The Buddha taught the Four Noble Truths, which are essential to his teachings. They apply to us if we seek to understand the nature of adversity and how to make sense of it. If we wish to penetrate the true nature of our existence, we must develop a deeper knowledge of ourselves. Suffering is the threshold into one’s reality, perceived through the lens of adversity. The Four Noble Truths affirm that life is impermanent; everything is in a transitory state, even our pain and troubles. They are espoused by the following principles:

The Truth of Suffering:
Life is filled with suffering.
The Truth of the Cause of Suffering:
The root cause of suffering relates to our cravings for the wrong things. Our material attachments can never meet our true needs since we always yearn for more. Everything is impermanent or in a transitory state.
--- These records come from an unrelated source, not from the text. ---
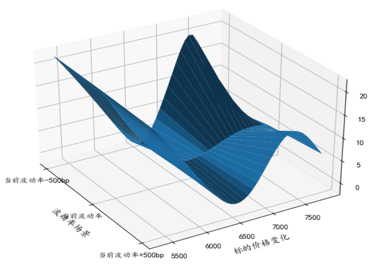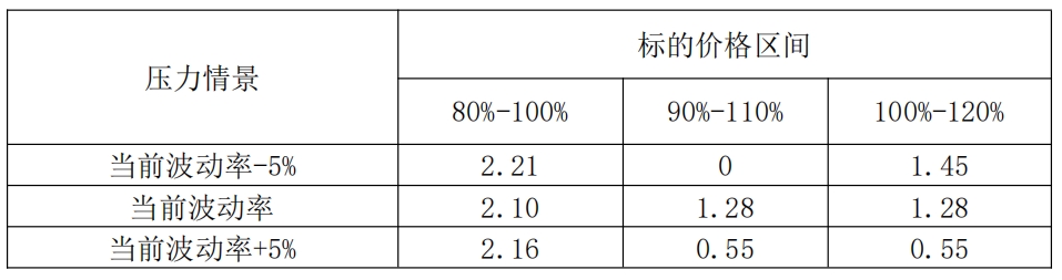 假设挂钩标的价格变化范围为80%-120%,其中每2%为一个最小变化单位;波动率变化幅度分为-5%、0%和+5%三档。标的结合波动率变化共计63个情景。
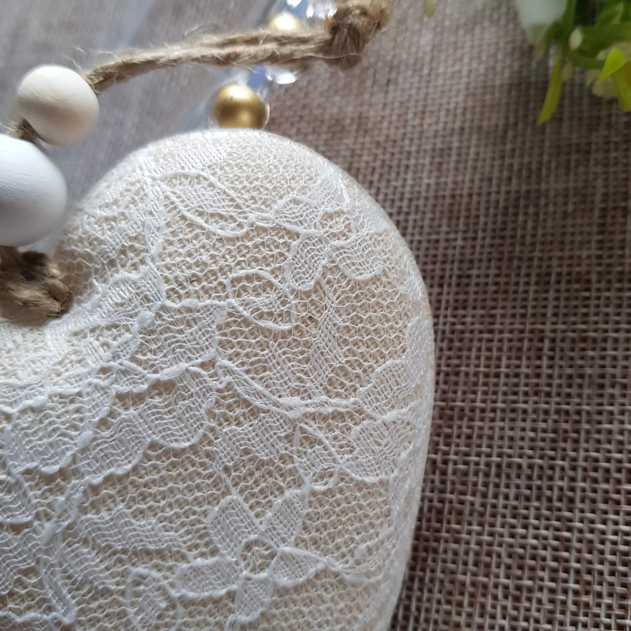 Serce materiałowe zawieszka ślub komunia beż 8cm
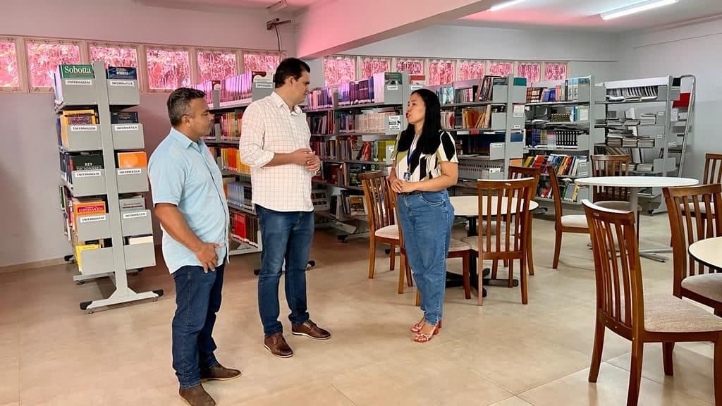 O deputado estadual Thiago Silva (MDB) e o líder comunitário Carlos Bispo estiveram em reunião com a Diretora Leila Souza da Escola Técnica de Rondonópolis, para tratar sobre a destinação de emendas e a ampliação de cursos profissionalizantes para atender a população da zona rural e da cidade.

The Truth of the End of Suffering:
Suffering can be overcome and happiness attained if we relinquish our cravings and live each day as it comes. Bliss is attained when we let go of satisfying our personal needs in place of allowing life to flow through us.
The Truth of the Path Leading to the End of Suffering:
This embodies the Noble Eightfold Path leading to the end of suffering: right view, right intention, right speech, right action, right livelihood, right effort, right mindfulness and right concentration.


Your response to hardship is measured by your attitude and mental resilience. Author Charles Swindoll said: “Words can never adequately convey the incredible impact of our attitude toward life. The longer I live, the more convinced I’ve come that life is 10% what happens to us and 90% how we respond to it.” Therefore, it is not life’s volatility that causes our hardship, but how we interpret the events that shape our life. We have two choices in each challenge: rise to it and, in doing so, overcome it or retreat into despair. The latter invites more suffering and erodes our personal self. We all suffer pain in one form or another, yet the degree to which we choose to suffer remains within our control.